Much of this movie is a mixture of segments which are visually well crafted, but far too conceptually strange, segments that are meant to be funny, but are far too conceptually strange and the segments which are downright gross, and while aren't as conceptually strange, are simply nonsensical. But maybe the biggest problem here is that most of these said segments aren't scary at all. Even those directors, who came forth with the intention to scare, showcase segments of death tamer than anything you could see in an episode of "1000 Ways to Die".
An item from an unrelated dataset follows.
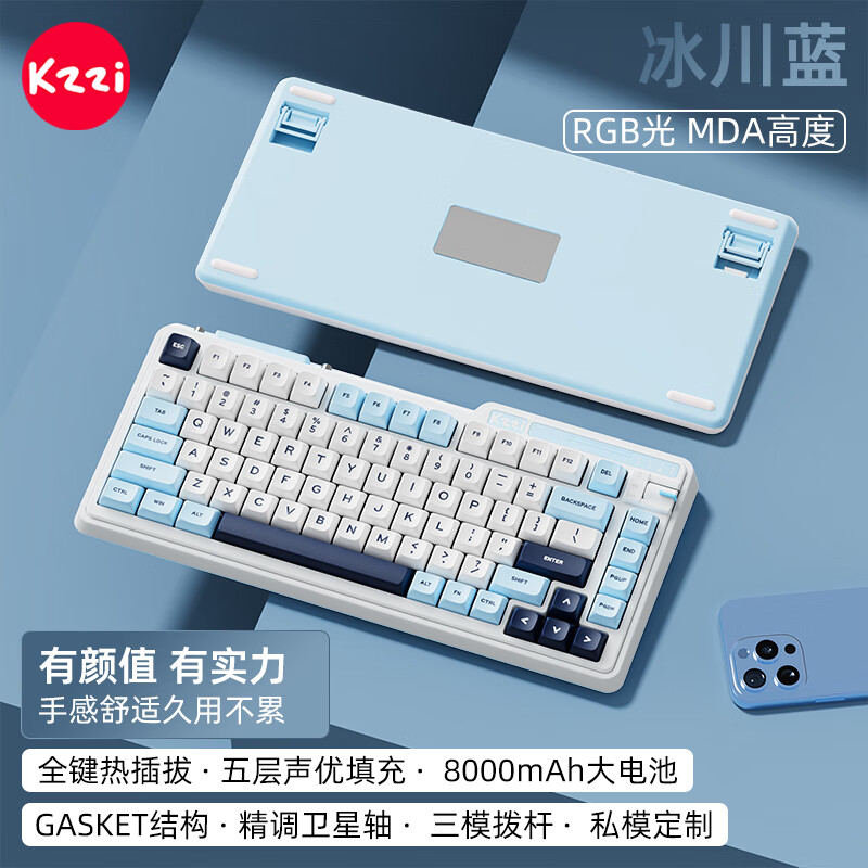 ¥179 KZZI K75V2 客制化三模机械键盘无线蓝牙有线gasket结构全键热插拔电竞游戏办公笔记本通用RGB灯效 冰川蓝【风雨轴V2】-8000毫安-三模 三模(有线/蓝牙/2.4G) 75%配列(82键) 199

A Quick Heads Up: The best segment (by far) is entitled "Q is for Quack" by filmmaker Adam Wingard, who seems to be the only writer/director thinking outside of the box. But even though this is one of the funniest film shorts I've ever seen (I'm not kidding) what you have to wade through to get to it, is sadly not worth your time. Anyway, I'm sure you can find this segment on YouTube or somewhere else for free. The only other segment which rivals Wingard's film is entitled "X is for XXL", which is undoubtedly the most visually impressive and is in fact the scariest segment in this supposed horror movie.
Final Thought: Maybe I was naive to think that a movie entitled "The ABCs of Death" would be scary or even have a fraction of Twilight Zone-ish sensibility, but I would be shocked if said egregious lack of scares isn't the final nail in the coffin which distractingly kills off anything good about this film experiment, as an entire piece.